From now on, all examples will provide the code using the WCS endpoint:

"some-endpoint.semi.network/"

Replace the value to match your host endpoint.

Resetting your Weaviate instance

If this is not the case and you see (old) classes, you can restart your instance, or you can run the following if you’re using the Python client:

import weaviate
import json

client = weaviate.Client("https://some-endpoint.semi.network/")

# delete all classes
client.schema.delete_all()

schema = client.schema.get()
print(json.dumps(schema))

Create your first class!

Let’s create your first class!

We’ll take the example of the Author from the basics guide.

Our Authors have the following properties:

  • name: type string
  • age: type int
  • born: type date
  • wonNobelPrize: type boolean
  • description: type text

Run the below code in you application, which will define the schema for the Author class.

import weaviate
import json

client = weaviate.Client("https://some-endpoint.semi.network/") # <== update the endpoint here!

# we will create the class "Author" and the properties
# from the basics section of this guide
class_obj = {
"class": "Author", # <= note the capital "A".
"description": "A description of this class, in this case, it is about authors",
"properties": [
{
"dataType": [
"string"
],
"description": "The name of the Author",
"name": "name",
},
{
"dataType": [
"int"
],
"description": "The age of the Author",
"name": "age"
},
{
"dataType": [
"date"
],
"description": "The date of birth of the Author",
"name": "born"
},
{
"dataType": [
"boolean"
],
"description": "A boolean value if the Author won a nobel prize",
"name": "wonNobelPrize"
},
{
"dataType": [
"text"
],
"description": "A description of the author",
"name": "description"
}
]
}

# add the schema
client.schema.create_class(class_obj)

# get the schema
schema = client.schema.get()

# print the schema
print(json.dumps(schema, indent=4))

The result should look something like this:

{
"classes": [
{
"class": "Author",
"description": "A description of this class, in this case, it's about authors",
"invertedIndexConfig": {
"bm25": {
"b": 0.75,
"k1": 1.2
},
"cleanupIntervalSeconds": 60,
"stopwords": {
"additions": null,
"preset": "en",
"removals": null
}
},
"properties": [
{
"dataType": [
"string"
],
"description": "The name of the Author",
"name": "name",
"tokenization": "word"
},
{
"dataType": [
"int"
],
"description": "The age of the Author",
"name": "age"
},
{
"dataType": [
"date"
],
"description": "The date of birth of the Author",
"name": "born"
},
{
"dataType": [
"boolean"
],
"description": "A boolean value if the Author won a nobel prize",
"name": "wonNobelPrize"
},
{
"dataType": [
"text"
],
"description": "A description of the author",
"name": "description",
"tokenization": "word"
}
],
"shardingConfig": {
"virtualPerPhysical": 128,
"desiredCount": 1,
"actualCount": 1,
"desiredVirtualCount": 128,
"actualVirtualCount": 128,
"key": "_id",
"strategy": "hash",
"function": "murmur3"
},
"vectorIndexConfig": {
"skip": false,
"cleanupIntervalSeconds": 300,
"maxConnections": 64,
"efConstruction": 128,
"ef": -1,
"dynamicEfMin": 100,
"dynamicEfMax": 500,
"dynamicEfFactor": 8,
"vectorCacheMaxObjects": 2000000,
"flatSearchCutoff": 40000,
"distance": "cosine"
},
"vectorIndexType": "hnsw",
"vectorizer": "none"
}
]
}

Wow! Whut, that’s a lot more than we’ve added!

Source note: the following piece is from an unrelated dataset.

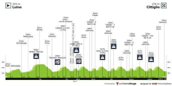 A entrada no circuito é feita a 95km do final, e dão um total de 5 voltas a um circuito de 18km, que tem como dificuldades o Casale (800mts a 7,8%) e o Orino (2,9km a 4,5%).

Correct, that’s Weaviate adding some default config for you. You can change, improve, tweak, and update this, but that’s for a later expert guide.

Now, let’s add a second class called Publication. We will use to it store info about publication outlets like The New York Time or The Guardian.

Our Publication will contain one property:

  • name: type string

Run the below code in your application.

import weaviate
import json

client = weaviate.Client("https://some-endpoint.semi.network/")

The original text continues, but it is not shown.